Bij het overbrengen van de
archieven
van de Hervormde gemeente te Marrum-Westernijkerk naar It Ryksargyf
(1981)
werd op de zolder van de pastorie ook een schrift met aantekeningen
gevonden
dat niet aan de kerk toebehoorde. Het was een schrift met aantekeningen
uit de jaren 1853 - 1858 van de "Maatschappij tot Nut van het Algemeen,
depart Marrum - Ferwerd".
Bij het doorbladeren valt op dat "it Nut"
zo'n
vier tot vijf keer per jaar vergaderde, doorgaans in de maanden
januari,
februari, maart alsook april en in oktober, november alsook december.
Dat
gebeurde dan bij toerbeurt in Marrum en in Ferwerd. Dat was ook weleens
lastig, want op 5 januari 1857 vermeldde de schrijver op de
presentielijst
dat "allen van Marrum en Nijkerk wegens het ongunstige weer afwezig
waren".
Op zulke avonden discussieerden de mannen
(vrouwen werden in die tijd nog niet toegelaten!) over onderwerpen als
"de commissie voor de bibliotheek, tot inbinding en completering
der boeken in dezelve voorhanden". Ook organiseerde een aantal van hen
een "herhalings- en zangschool" voor (oudere) kinderen die van de
lagere
school af waren of moesten. Verder vermaakten zij elkaar tegelijkertijd
met de voordrachtskunst zoals het houden van een lezing. Over het
toelaten
van nieuwe leden werd gestemd en men kan concluderen dat " it Nut",
althans
in die jaren, een wat elitair karakter had.
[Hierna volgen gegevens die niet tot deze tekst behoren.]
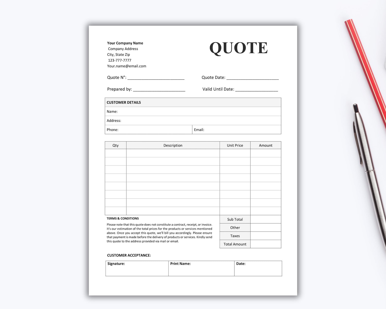 EDITABLE QUOTE FORM, Price Estimate, Quote Proposal, Quote Template ...
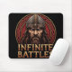 A bold and dynamic design featuring the text "Infinite Battles" in a traditional Viking colour palette of red and gold. The words are arranged in a powerful, angular style, reminiscent of ancient runes. The background is a textured, weathered surface, adding a sense of authenticity and historical significance.
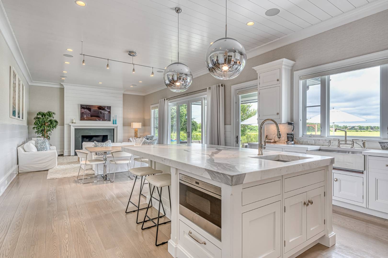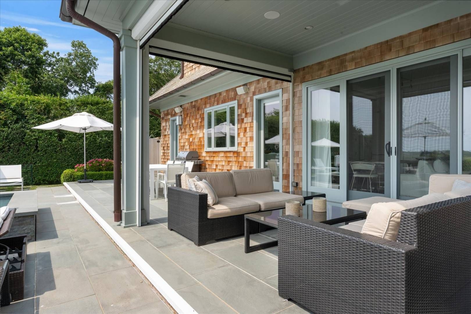 Set in the heart of Wainscott less than a mile from the Atlantic Ocean, this contemporary shingle-style 6 bedroom, 6 full and 2 half bathroom residence by noted builder, Michael Frank, embodies elegant Hamptons charm, superior craftmanship, expansive pastoral views, and premium south-of-the-highway proximity to the east end's finest beaches, farms, and riding stables. Designed and constructed for pure comfort and refined living, no detail was
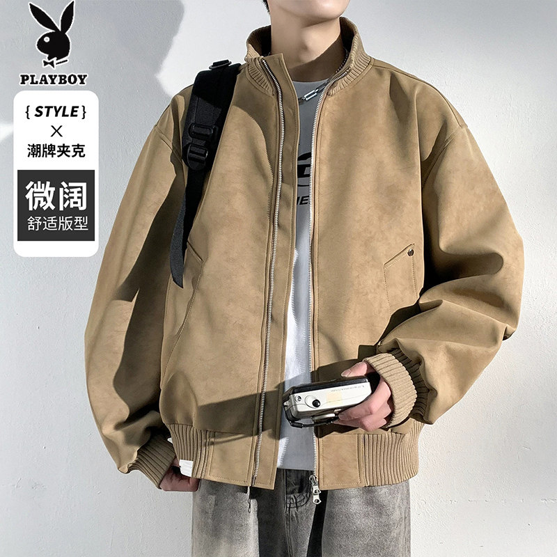 花花公子男士春秋季立领大码夹克
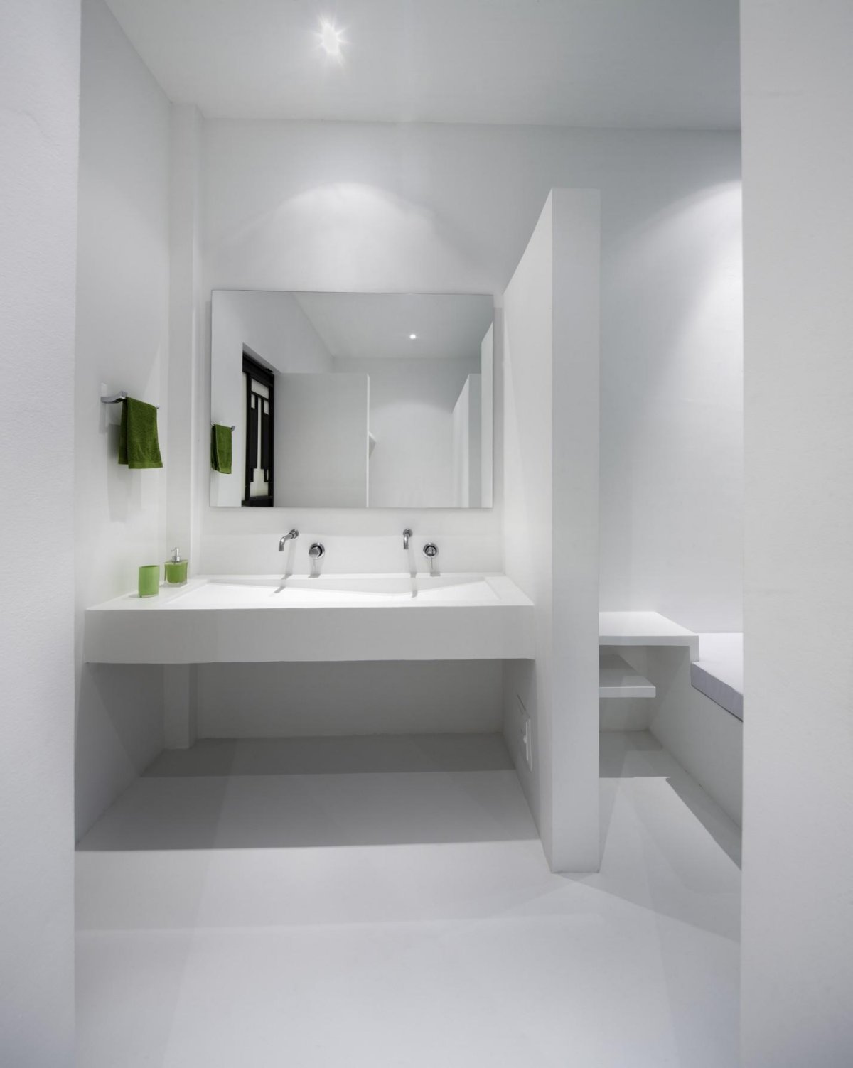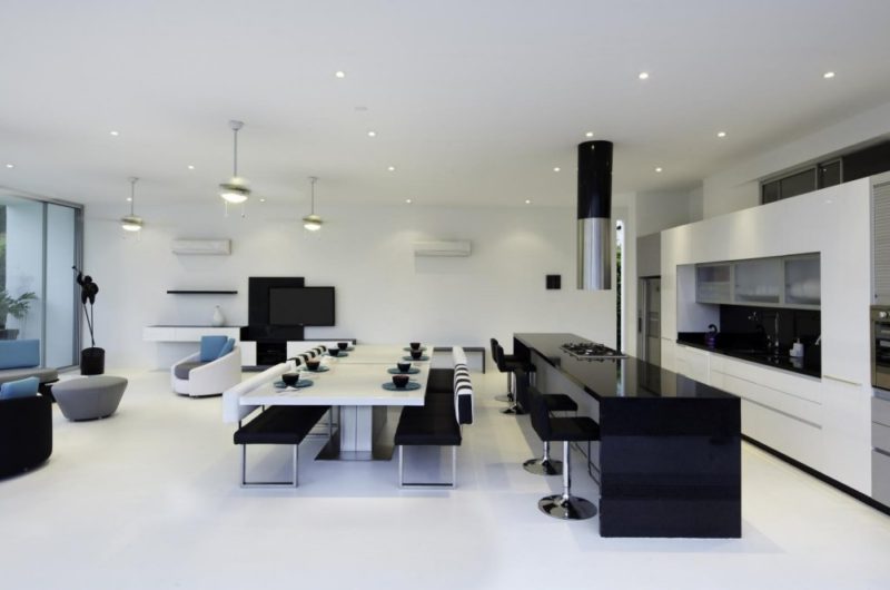 The house is very spacious with large windows that allow the outdoors to be integrated into the design. When the sliding doors are open, the wind provides great circulation. The interior design is complimented by the white walls, the black and silver appliances and the furniture placement. All the bedrooms have private balconies and the private bathrooms are equipped with dual sinks and showers.

Het is interessant om heden ten dage nog
eens
een verslag van zo'n bijeenkomst te lezen:
“Vergadering van den 3 Febr 1858 bij
S.
Mellema te Marrum”
Na opening van de vergadering
werd
het appel-nominaal gehouden. Aanwezig waren de Heeren: Bokma, Hofma,
Mellema,
Metzlar, Osinga sr, vd Woude, de Groot, Jensma, Baarda, Dr. Martens, Ds
van Velzen, Dr van Velzen, Feenstra en Heijmans. Afwezig waren: Ds de
Boer,
Hovinga, vd Mey wegens ziekte, Heeringa, Klazinga (ziek), Mulder
(ziek).
Hierna werden de notulen der vorige
vergadering
gelezen en goedgekeurd.
De Secretaris gaf te kennen dat de
Zangschool
te Marrum weder geopend was en nu besprak men het punt aangaande het
oprigten
eener bewaarschool te Marrum. Men kwam overeen om de noodige
inlichtingen
over deze zaak in te winnen en zoodra men deze zou verkregen hebben
nader
hierover te handelen, terwijl de voorzitter er nog een woord tot
aanbeveling
en opwekking bijvoegde.
Thans betrad de redenaar voor dezen
avond,
Dr Martens, het spreekgestoelte en sprak over de natuurlijke en
zedelijke
waarde van het rooken. De rede werd in haar beide deelen ontwikkeld en
toegelicht, eenige bespiegelingen er uit afgeleid en zeer zeker met
genoegen
aangehoord.
De eerste bijdrage leverde Dr van Velzen,
sprekende over: de Gezondheid, eene schets om die te verkrijgen en te
behouden.
De tweede werd geleverd door den heer Heijmans en behelsde een
Procuratie
door dezen aan zijnen broeder gegeven, om daardoor zijn wenschen bekend
te maken aan zijne nicht, bij gelegenheid van haar huwelijk. Het lid
Feenstra
droeg hierna nog een dichtstukje voor van Koolbrugge: Aan mijne wieg.
Alle drie stukken verschaften den
vergadering
eenige ogenblikken van wezenlijk genot. De voorzitter deed na dezen nog
het voorstel om de vergadering niet om 6 uur maar om 5 uur te laten
beginnen,
welk voorstel echter aangehouden werd tot eene volgende bijeenkomst,
die
bepaald werd op maandag 1 maart bij Klazinga te Ferwerd.
Als dan zou de spreker zijn de Heer
Feenstra,
terwijl de leden Metzlar en vd Woude zich met de bijdragen belastten.